Генерал-прокурор.Все сенаторы признали подсудимых заслуживающими суровой кары. Однако ж по поводу меры наказания возникло разногласие. А посему на статс-секретаря графа Панин, исправляющего обязанности товарища министра юстиции, была возложена обязанность пересмотреть дело, оставаясь всецело на юридической почве. Сосредоточив внимание на судебной стороне дела, граф Панин составил записку, доказывающую несостоятельность обвинения, и читал сию записку в общем собрании Сената 15 сентября 1833 года. Из двадцати присутствующих 13 присоединились к записке, остальные остались при прежнем мнении и предложение графа Панина освободить обвиняемых отвергли. Ввиду сего разногласия дело было передано в Государственный Совет, где оно было представлено председателем Комиссии по гражданским и духовным делам адмиралом Мордвиновым.
Николай I. (Мордвинову). Согласились ли вы, адмирал, с запискою графа Панина?
Мордвинов.Целиком, Ваше Величество, однако счел ее недостаточной.
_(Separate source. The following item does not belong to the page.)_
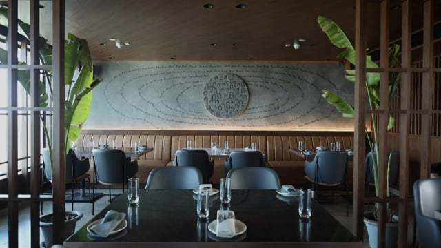 Del mismo modo, la concentración de barras se acumuló en el otro extremo del espacio para crear un equilibrio de energías y garantizar que el espacio de los asientos se fusionara con el bar clandestino y los asientos de la barra. El diseño del restaurante está en equilibrio con el esquema culinario y de bar. La cocina actúa como el elemento unificador que une la barra para formar un espacio puro que puede parecer visualmente complejo pero sigue una facilidad de movimiento a través del espacio. El resultado es una experiencia que fomenta la unión.

Николай I.В чем же недостаточной?
Мордвинов.Ваше Величество, изучив дело, пришел я к твердому убеждению и намерен довести его до Вашего Высочайшего сведения. Дело сие обнаруживает один замысел: оговорить евреев. По какому-то сильному влиянию в него вовлечены и христианки, для вернейшего достижения своей цели принявшие на себя участие в убийстве. Изучив показания доказчиц, пришел я к выводу, что обвинение евреев в ужасных преступлениях имеет источником злобу и предубеждение и было ведено под каким-то сильным влиянием, во всех движениях дела обнаруживающимся. А так как дело в том виде, в каком оно было представлено Вашему Величеству и в Сенат, заключает в себе не частный вопрос происшествия в Велиже, но вековой вопрос об употреблении евреями христианской крови, то общее собрание Государственного Совета признало, что в основу сего мнения положено древнее против евреев предубеждение, решительно принимаемое следствием за достоверное. Посему Государственный Совет постановил евреев-подсудимых освободить, христианок-доказчиц отменно наказать, поручить министру внутренних дел подтвердить в губерниях с еврейским населением Высочайшее повеление от 1817 года.
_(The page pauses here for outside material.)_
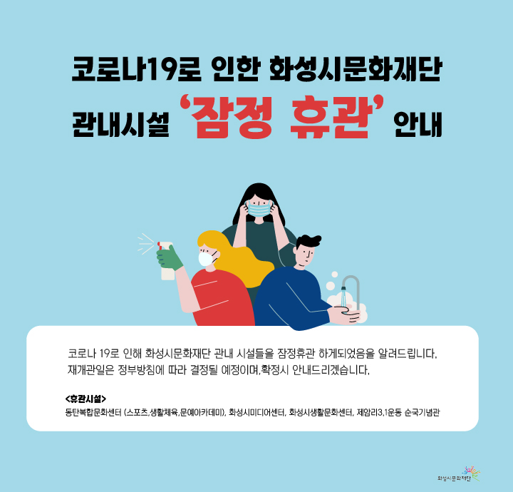 코로나 19로 인한 화성시문화재단 관내시설 잠정 휴관 안내 작성자 관리자 작성일 2020년 3월 24일 14시 5분 9초 조회 1,689 잠정휴관안내.jpg [ Size : 140.06KB, Down : 1,971 ] 미리보기 다운로드 코로나 19로 인해 화성시문화재단 관내 시설들을 잠정휴관 하게되었음을알려드립니다. 재개관일은 정부방침에 따라 결정될 예정이며,확정시 안내드리겠습니다. 목록보기

Николай I.Что ж, высокочтимый суд, мы заседаем без малого девять лет. Пора и завершить дело. Читай, адмирал, резолюцию.
Мордвинов.Евреев, подсудимых по делу об умерщвлении солдатского сына Емельянова и по другим подобным делам, как положительно не уличенных, от суда и следствия освободить; доказчиц-христианок: крестьянку Терентьеву, солдатку Максимову и шляхтянку Козловскую, виновных в изветах, коих ничем не могли подтвердить, сослать в Сибирь на поселение; крестьянскую девку Еремееву за разглашение себя в простом народе предсказательницей отдать на священническое увещевание. Составлено в Санкт Петербурге 18 января 1835 года (Смотрит на царя).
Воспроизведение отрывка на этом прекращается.